Harper's panda politics

FESCHUK: Only a nation with a special rapport with China could rent its pandas for a huge sum

Time to shake off the shame of that Security Council defeat and put on a smile, Canada. After five years, Stephen Harper has finally secured a foreign policy triumph that doesn’t involve a Tim Hortons’ expansion. Ladies and gentlemen: we’re getting pandas.

Word has it that China has agreed to rent out a pair of giant pandas for extended stays at zoos in Ontario, Alberta and Quebec. It’s a pretty thrilling development—especially for the people of Toronto, who haven’t had the opportunity to observe a 300-lb. creature that eats 12 hours a day since way back in the mayoral race of 2010.

Cynics and also everybody have noticed that the Harper government is largely indifferent to minor global issues like climate change. But when it’s something as important as panda bears, the Prime Minister is willing to order the full-court press.

In July, Environment Minister Jim Prentice went to China to kiss ass and take names (of more Chinese functionaries whose asses also needed to be kissed). He then flew back again last week to seal the deal. Michaëlle Jean was dispatched this summer to tour the Chengdu Panda Breeding and Research Centre and make a personal pitch to the governor of Sichuan province. And in May, the Calgary Herald noted, “Treasury Board president Stockwell Day presented a panda proposal to high-ranking Chinese politicians.”

This may be my favourite non-Charlie-Sheen-claiming-an-allergy line printed in a news story this year. Stockwell Day making a panda proposal! And if you look at this next PowerPoint slide, you’ll see a chart illustrating ongoing stagnation in Canada’s Gross Domestic Adorability—with a cuddliness recession taking root in rural Alberta, most of Saskatchewan and all of Don Cherry’s house.

I can’t believe I ever doubted the efficacy of Harper’s foreign policy. In the span of a single month, he gets us two panda bears and access to the KFC Double Down. It’s only a matter of time until he coaxes America into letting us lease one to three Baldwin brothers. And then there will be no stopping us.

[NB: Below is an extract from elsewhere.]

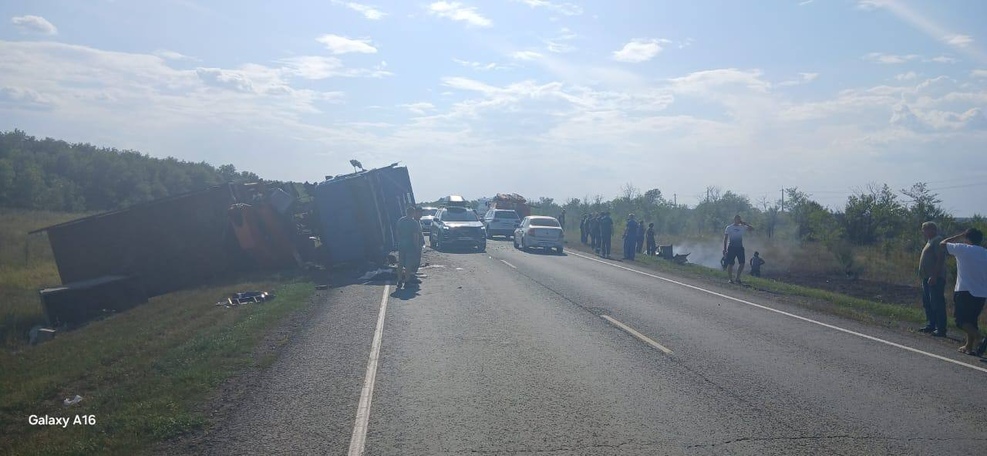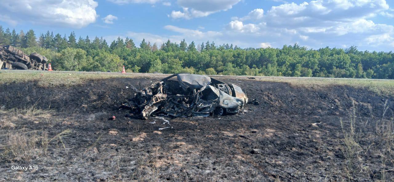 По предварительной информации УМВД, водитель "Toyota Corolla" выехал на полосу встречного движения и столкнулся с "КАМАЗом". В результате столкновения легковой автомобиль загорелся.

There are domestic implications, too. Harper will surely exploit his new acquisitions for political gain, building the panda brand by forcing his ministers to stay up all night to get matching black circles around the eyes. All Conservative policies will henceforth be Panda Approved®. And we can look forward to the photo op in which the PM awkwardly walks a panda to the first day in its new home and sends it off with a firm handshake.

Prentice, for one, wasted no time spinning the acquisition as a major victory for the Conservative government. “It is an indication of just how far we’ve come in terms of the relationship. The Chinese are very careful about the pandas and where they allow long-term transfers,” he said.

He’s right. We must be in tight with the Chinese now because they’ve rented us pandas for an exorbitant sum—the kind of transaction they’ve entered into with only their very bestest friends, such as Germany and Australia. And the United States. And Spain and Thailand and Singapore and Mexico and Japan and Taiwan and wait are we the last country on Earth to get some freaking bears out of these people? Are we going to be stuck with the slow-witted pandas—the ones every other nation passed on? Mommy, why does the cuddly panda bear keep falling out of the tree?

Listen: I’m not saying pandas aren’t cute. They’re very cute. They’re so cute that Newfoundlanders instinctively want to club them to death. And they present a real problem to the opposition parties. The Liberal response is expected to be swift, with Michael Ignatieff announcing that for the next 18 months he will be hosting two ring-tailed lemurs in his lush eyebrow habitat. Meanwhile, Jack Layton will protest animal captivity by releasing his moustache into the wild.

What’s really important is this: after five years, Stephen Harper finally has a legacy. He didn’t cut wait times or create those child-care spaces he promised. He didn’t balance the budget or protect the environment or smile without physical effort. But he did send half his cabinet around the world to beg for 600 lb. of panda bear for zoo visitors to enjoy and, presumably, Peter MacKay to wrestle late one night to impress a girl.

Sleep easy, Canada. Our long national nightmare of pandalessness will soon be over.